非同期カスタム レポート ジョブを表示するには、次のいずれかを選択します。

  • [Report Submitted as Background Job] ダイアログで [View Status] をクリックします。
  • 左側のナビゲーション バーで [Analyze] > [Custom Reports] > [Report Jobs] を選択します。

次の図に示されているように、[Report Jobs] ページが表示されます。

Report jobs

[Report Jobs] ページでは、以下を行えます。

  • 過去 7 日間に送信された非同期カスタム レポート ジョブの結果すべてを表示します。

  • カスタム レポート ジョブを表示する環境を選択します。

  • カスタム レポートを表示するには、[Status] が [completed] であることを確認します。その後、レポートに対応する行の上にマウスを移動します。そうすると レポートを表示レポートをダウンロード アイコンが表示されます。レポートを表示 を選択してレポートを表示します。

  • レポートをダウンロード をクリックして、カスタム レポートをダウンロードします。

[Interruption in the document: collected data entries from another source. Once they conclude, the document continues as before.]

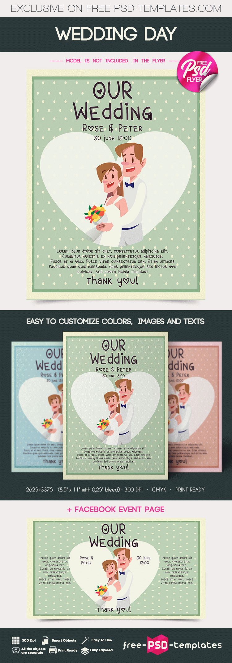 The best part about using this PSD mockup is that it is absolutely free to download. Furthermore, it will cost you nothing even if you use it multiple times. The mockup looks very realistic and is made of high quality, having 300 dpi resolution. Customize this wedding party flyer the way you wish using Adobe Photoshop. All the objects in the mockup are separate and it comes with all the necessary layers for you to create the perfect flyer for your wedding event. It features very high detailing and is ready to print as soon as you finalize the design you want to create.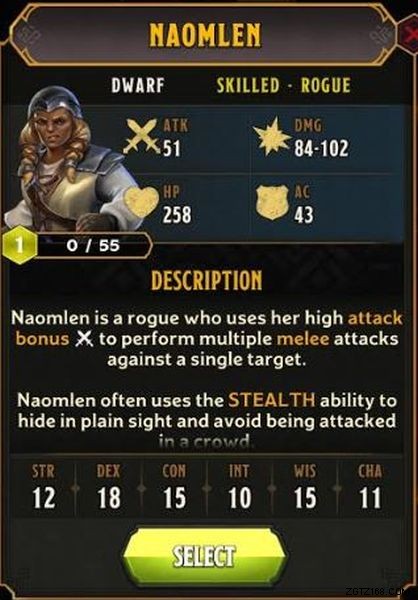 ナオムレンは攻撃ボーナスが高く、同じターゲットに対して複数の近接攻撃を実行できます。彼女はまた、複数の敵に直面したときに攻撃を受けるのを避けることができるステルスを持っています.彼女の AC と HP はそれほど高くないので、彼女はそのプレッシャーの一部を軽減するために、戦車を備えたチームでうまくいく可能性があります。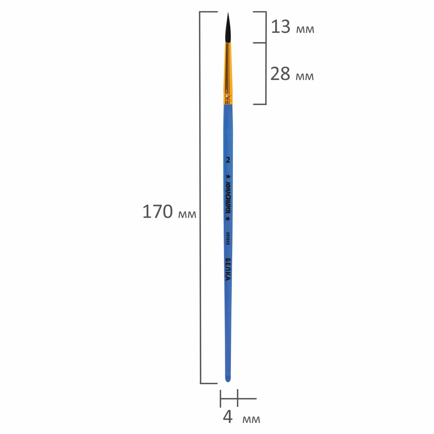 Кисть БЕЛКА, круглая, № 2, цветная ручка, ЮНЛАНДИЯ, 201053

    レポート全体が、OfflineQueryResult-xxx.zip という名前の ZIP ファイル(CSV ファイルが含まれています)としてダウンロードされます。

  • 検索ボックスに関連する文字列の全部または一部を入力して、カスタム レポートのリストを検索します。表示されているすべてのフィールドで文字列が検索されます。

カスタム レポートの編集

カスタム レポートを編集するには:

  1. [Custom Reports] ページにアクセスします
  2. 編集するレポートの名前にカーソルを合わせます。編集アイコン()と削除アイコン()がページの右側に表示されます。
  3. 編集アイコンをクリックします。
  4. カスタム レポートの詳細を編集します。
  5. [Save] をクリックします。

カスタム レポートの結果に戻ります。

カスタム レポートの削除

カスタム レポートを削除するには:

  1. [Custom Reports] ページにアクセスします
  2. 編集するレポートの名前にカーソルを合わせます。編集アイコン()と削除アイコン()がページの右側に表示されます。
  3. 削除アイコンをクリックしてレポートを削除します。